While Dubai's overall property stocks plunged as much as 34% between February and April 2026, the residential segment witnessed only 4%-7% fall in prices prices

The Iran war and the resultant volatility have failed to slow down Dubai’s residential property market’s steady rise, as home prices declined far less than real estate stocks, highlighting the strength of the market’s underlying fundamentals.

According to the real estate consultant ANAROCK, while Dubai’s overall property stocks plunged as much as 34% at their peak during the conflict between February and April 2026, the residential segment witnessed only 4%-7% fall in prices prices, marking the widest gap between market sentiment and underlying asset performance recorded during any crisis situation.

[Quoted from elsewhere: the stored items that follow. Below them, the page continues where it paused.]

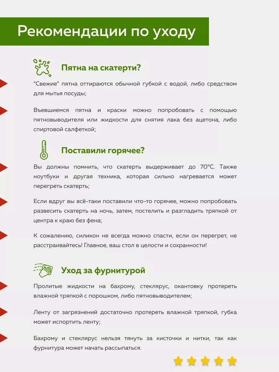 | Подробная комплектация | Картонный короб, инструкция, скатерть силиконовая - по 1 шт. |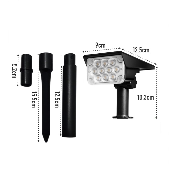 -持久的电池:配备内置 2200mAh 电池,在阳光下约 8 小时内充电,在夜间提供 6-9 小时的照明。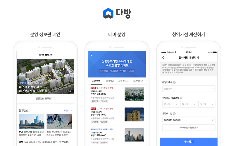 사용자는 다방 앱 내에서 아파트, 오피스텔, 도시형 생활주택 등 민간 분양 정보와 행복주택, 공공임대 등 공공 분양 정보까지 다양한 정보를 확인할 수 있으며 더 나아가 청약 가점 계산과 행복주택 입주 자격 자가 진단까지 해결할 수 있다.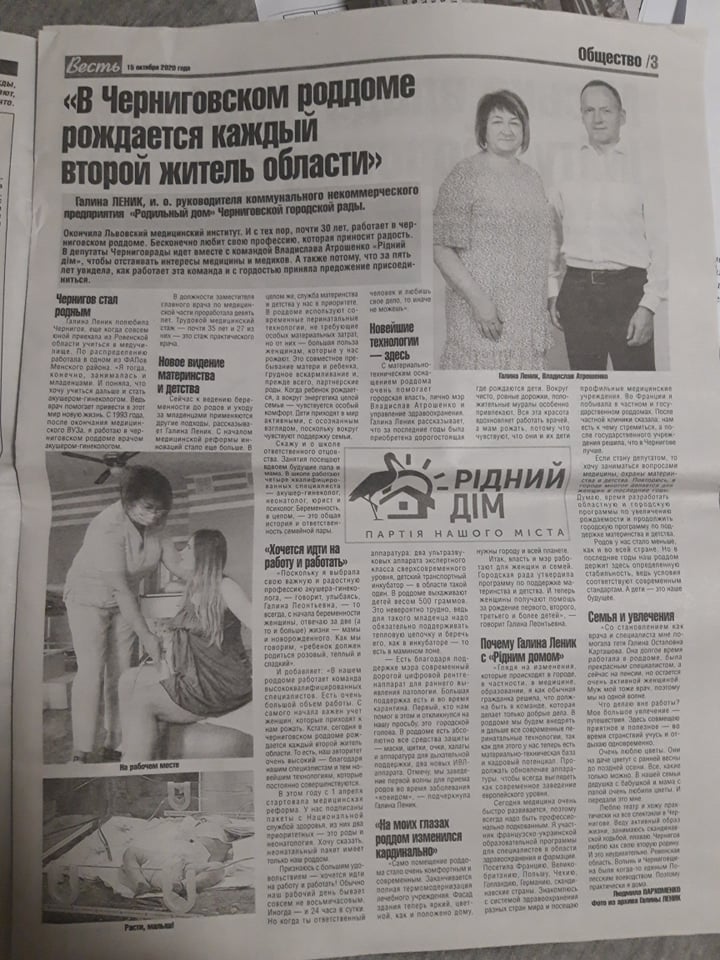 Той самий випуск газети «Весть» на сторінці 3 містить матеріал на підтримку кандидатки партії «Рідний Дім» в Чернігівську міську раду Галини Леник, яка наразі є в.о. комунального некомерційного підприємства Пологовий будинок Чернігівської міської ради з назвою «В Черниговском роддоме рождается каждый второй житель области». Публікація містить інформацію про кандидатку та партію, причини підтримки партії «Рідний Дім» та логотип партії.
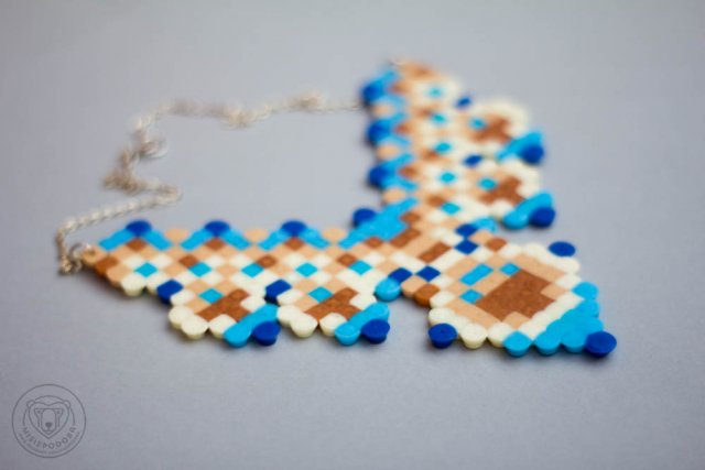 Niezwykła kolia przywodząca na myśl podróże w najdalsze zakątki świata. Wyjątkowe zestawienie błękitów i brązów ubrane w nowoczesną, pikselową formę. Kolia, która sprawi, że poczujesz się tajemniczo i oryginalnie. Długość z łańcuszkiem 27,5 cm. Łańcuszek z zapięciem w kolorze miedzi, materiał: plastikowe koraliki.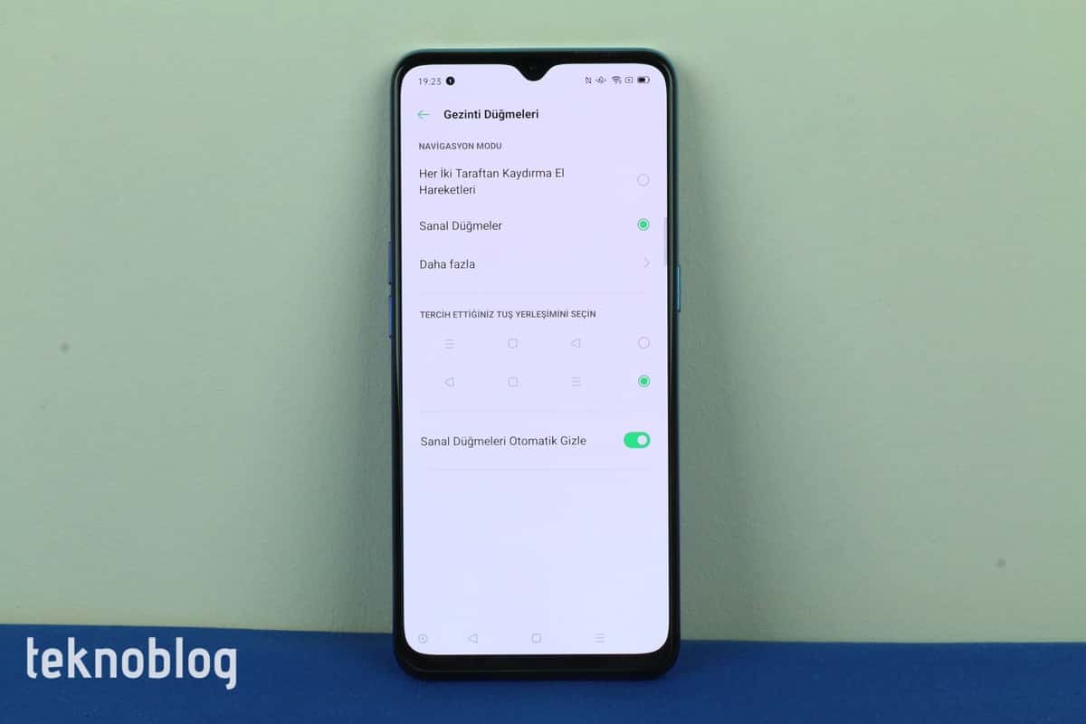 Reno 3’ün arka panelinde de ışığa göre değişen bir renk işçiliği uygulanmış. Test merkezimize gelen “Kuzey Işıkları” olarak adlandırılan renk seçeneğinde de mavinin farklı tonlarını görmek mümkün oluyor. Telefonun ön ve arka panellerini birleştiren çerçevenin plastik olması ise cam arka panelin ve diğer tasarım tercihlerinin yarattığı “üst sınıf etkisi”ni aşağıya çekiyor.

As per ANAROCK, average residential prices in the first half of 2026 stood at around AED 1,900 per square foot, compared with AED 1,800 per square foot seen during the same period in 2025, reflecting a 6% year-on-year increase.

“Dubai recorded more than 206,166 residential transactions worth AED 547 billion in 2025, an 18% increase in transaction volumes from a year earlier. The total sales value rose nearly 26% year-on-year and was ten times higher than the AED 54 billion recorded in 2020,” ANAROCK noted.

In the first half of 2026, residential transactions totalled AED 225.7 billion in the emirati city, As per ANAROCK’s estimates, this represented a 15% increase compared with 2024 but was 16% lower than the 2025’s exceptionally strong levels. Off-plan properties, on the other hand, continued to dominate activity, accounting for nearly 70%-77% of all residential transactions during the period.

“The conflict early in 2026 tested Dubai’s residential market at a time when regional uncertainty was at its peak. In the months that followed, buyer activity returned steadily, prices remained resilient, and demand continued to be supported by strong structural fundamentals rather than speculative momentum,” said Aayush Puri, CEO – Residential, Middle East and CEO – ANAROCK Channel Partners (India).

“The recovery has been underpinned by robust market fundamentals. Dubai recorded AED 225.7 billion worth of residential transactions in the first half of 2026, representing 15% growth against 2024 but dropping 16% against 2025. Moreover, off-plan transactions consistently accounted for nearly 70%-77% of market activity throughout the period, highlighting sustained buyer confidence despite short-term uncertainty,” he added.

For the remainder of 2026, ANAROCK expects Dubai residential prices to rise another 4%-7%, with the potential for gains of 8%-13% if geopolitical volatilities in the Middle East ease. However, for the consultancy, renewed geopolitical conflict in the second half of the year remains the key downside risk for residential demand.